Artificial barriers can be very effective in reducing avalanche damage. There are several types. One kind of barrier (snow net) uses a net strung between poles that are anchored by guy wires in addition to their foundations. These barriers are similar to those used for rockslides. Another type of barrier is a rigid fence like structure (snow fence) and may be constructed of steel, wood or pre-stressed concrete. They usually have gaps between the beams and are built perpendicular to the slope, with reinforcing beams on the downhill side. Rigid barriers are often considered unsightly, especially when many rows must be built. They are also expensive and vulnerable to damage from falling rocks in the warmer months. Finally, there are barriers that stop or deflect avalanches with their weight and strength. These barriers are made of concrete, rocks or earth. They are usually placed right above the structure, road or railway that they are trying to protect, although they can also be used to channel avalanches into other barriers. Occasionally, earth mounds are placed in the avalanche's path to slow it down.

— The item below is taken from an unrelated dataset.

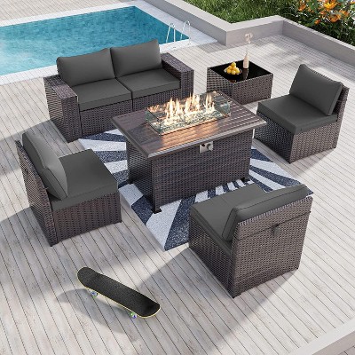 ALAULM 8 Pieces Outdoor Patio Furniture Set with 43" Gas Propane Fire Pit Table PE Wicker Rattan Sectional Sofa Patio Conversation Sets,Grey
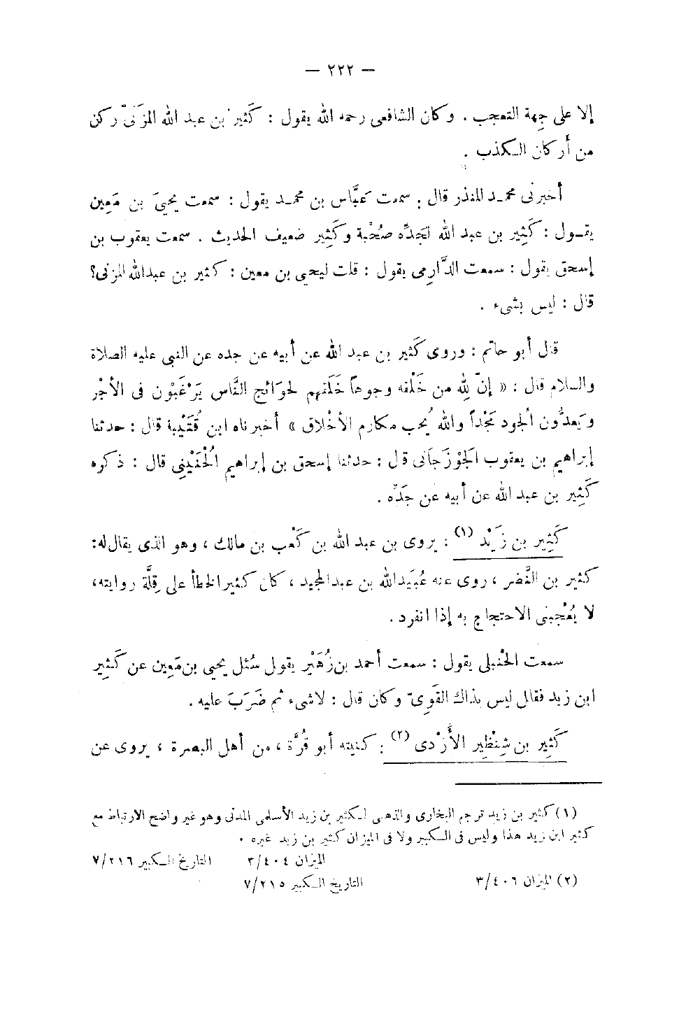إِلَّا على جِهَة التَّعَجُّب وَكَانَ الشَّافِعِي رَحمَه الله يَقُول كثير بن عبد الله الْمُزنِيّ ركن من أَرْكَان الْكَذِب أَخْبرنِي مُحَمَّد الْمُنْذِرِ قَالَ سَمِعْتُ عَبَّاسَ بْنَ مُحَمَّد يَقُول سَمِعت يحيى بن معِين يَقُول كثير بن عبد الله لجده صُحْبَة وَكثير ضَعِيف الحَدِيث سَمِعت يَعْقُوب بن إِسْحَاق يَقُولُ سَمِعْتُ الدَّارِمِيَّ يَقُولُ قُلْتُ ليحيى بن معِين كثير بن عبد الله الْمُزنِيّ قَالَ لَيْسَ بِشَيْءٍ قَالَ أَبُو حَاتِم وَرَوَى كَثِيرُ بْنُ عَبْدِ اللَّهِ عَنْ أَبِيهِ عَنْ جَدِّهِ عَنِ النَّبِيِّ صَلَّى اللَّهُ عَلَيْهِ وَسَلَّمَ قَالَ إِن لله من خَلفه وُجُوهًا خَلَقَهُمْ لِحَوَائِجِ النَّاسِ يَرْغَبُونَ فِي الأَجْرِ وَيَعُدُّونَ الْجُودَ مَجْدًا وَاللَّهُ يُحِبُّ مَكَارِمَ الأَخْلاقِ أَخْبَرَنَاهُ بن قُتَيْبَةَ قَالَ حَدَّثَنَا إِبْرَاهِيمُ بْنُ يَعْقُوبَ الْجَوْزِجَانِيُّ قَالَ حَدَّثَنَا إِسْحَاقُ بْنُ إِبْرَاهِيمَ الْحُنَيْنِيُّ قَالَ ذَكَرَهُ كَثِيرُ بْنُ عَبْدِ اللَّهِ عَنْ أَبِيه عَن جده

Safety in avalanche terrain
- Terrain management - Terrain management involves reducing the exposure of an individual to the risks of travelling in avalanche terrain by carefully selecting what areas of slopes to travel on. Features to be cognizant of include not undercutting slopes (removing the physical support of the snow pack), not travelling over convex rolls (areas where the snow pack is under tension), staying away from weaknesses like exposed rock, and avoiding areas of slopes that expose one to terrain traps (gulleys that can be filled in, cliffs over which one can be swept, or heavy timber into which one can be carried).
- Group management - Group management is the practice of reducing the risk of having a member of a group, or a whole group involved in an avalanche. Minimize the number of people on the slope, and maintain separation. Ideally one person should pass over the slope into an area protected from the avalanche hazard before the next one leaves protective cover. Route selection should also consider what dangers lie above and below the route, and the consequences of an unexpected avalanche (i.e., unlikely to occur, but deadly if it does). Stop or camp only in safe locations. Wear warm gear to delay hypothermia if buried. Plan escape routes. In determining the size of the group balance the hazard of not having enough people to effectively carry out a rescue with the risk of having too many members of the group to safely manage the risks. It is generally recommended not to travel alone, because there will be no-one to witness your burial and start the rescue. Additionally, avalanche risk increases with use; that is, the more a slope is disturbed by skiers, the more likely it is that an avalanche will occur. Most important of all practise good communication within a group including clearly communicating the decisions about safe locations, escape routes, and slope choices, and having a clear understanding of every members skills in snow travel, avalanche rescue, and route finding.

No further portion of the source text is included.